Search code examples
c++sortingduplicatestime-complexitybucket-sort

Can the Duplicate Characters in a string be Identified and Quantified in O(n)?


This comment suggests that there is a O(n) alternative to my O(n log n) solution to this problem:

Given string str("helloWorld") the expected output is:

l = 3
o = 2

My solution was to do this:

sort(begin(str), end(str));

for(auto start = adjacent_find(cbegin(str), cend(str)), finish = upper_bound(start, cend(str), *start); start != cend(str); start = adjacent_find(finish, cend(str)), finish = upper_bound(start, cend(str), *start)) {
   cout << *start << " = " << distance(start, finish) << endl;
}

Which is obviously limited by the sorting of str. I think this would require a bucket sort solution?
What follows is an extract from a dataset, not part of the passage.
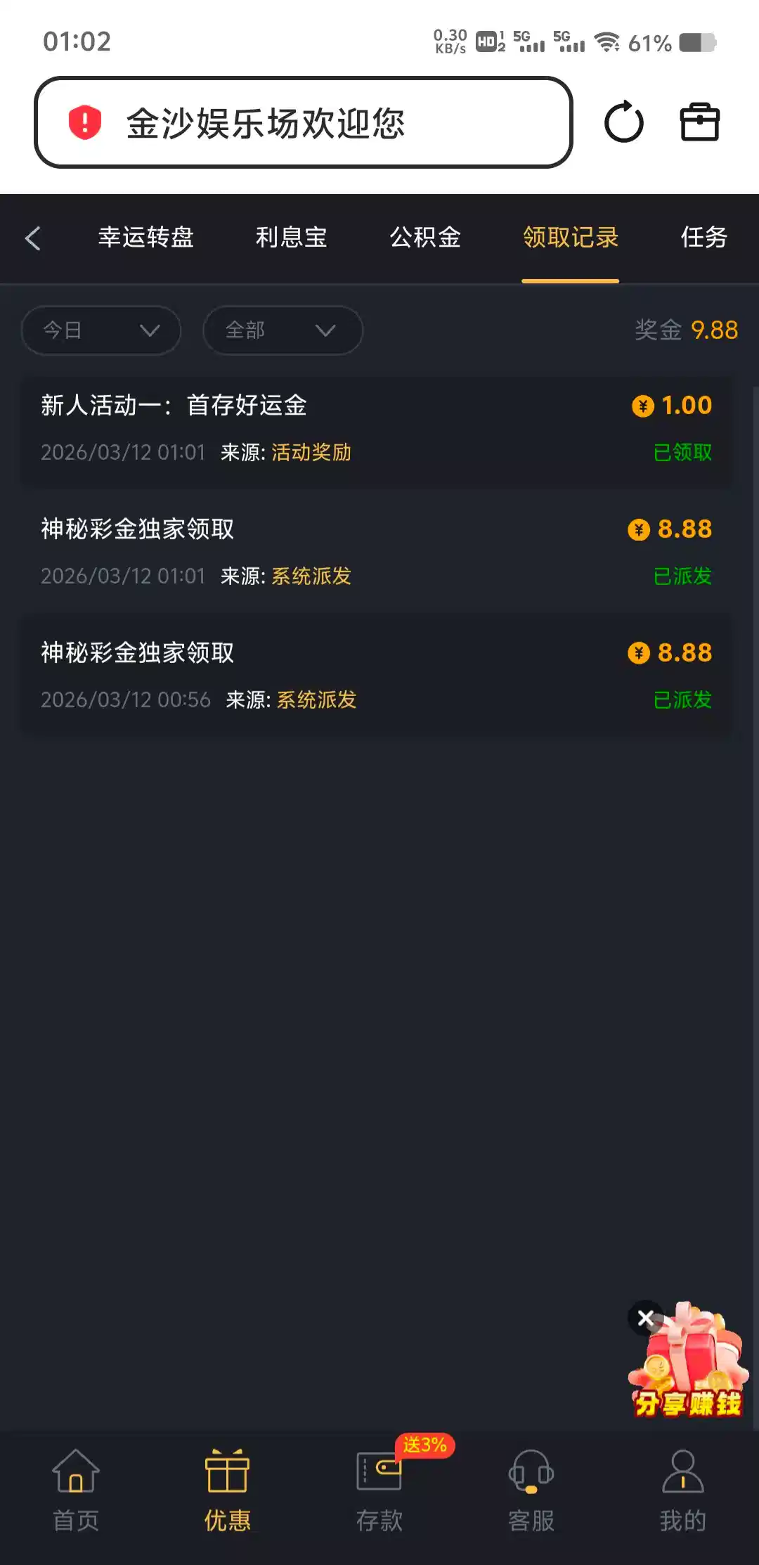 9018回馈8.88,我之前没充值过,领了第一个8.88然后我充了10块又领了一个

Is there anything more clever that I'm missing?


Solution

  • Here's one way, which is O(N) at the expense of maintaining storage for every possible char value.

    #include <string>
    #include <limits.h> // for CHAR_MIN and CHAR_MAX. Old habits die hard.
    
    int main()
    {
        std::string s("Hello World");        
        int storage[CHAR_MAX - CHAR_MIN + 1] = {};
        for (auto c : s){
            ++storage[c - CHAR_MIN];
        }
    
        for (int c = CHAR_MIN; c <= CHAR_MAX; ++c){
            if (storage[c - CHAR_MIN] > 1){
                std::cout << (char)c << " " << storage[c - CHAR_MIN] << "\n";
            }
        }    
    }
    

    This portable solution is complicated by the fact that char can be signed or unsigned.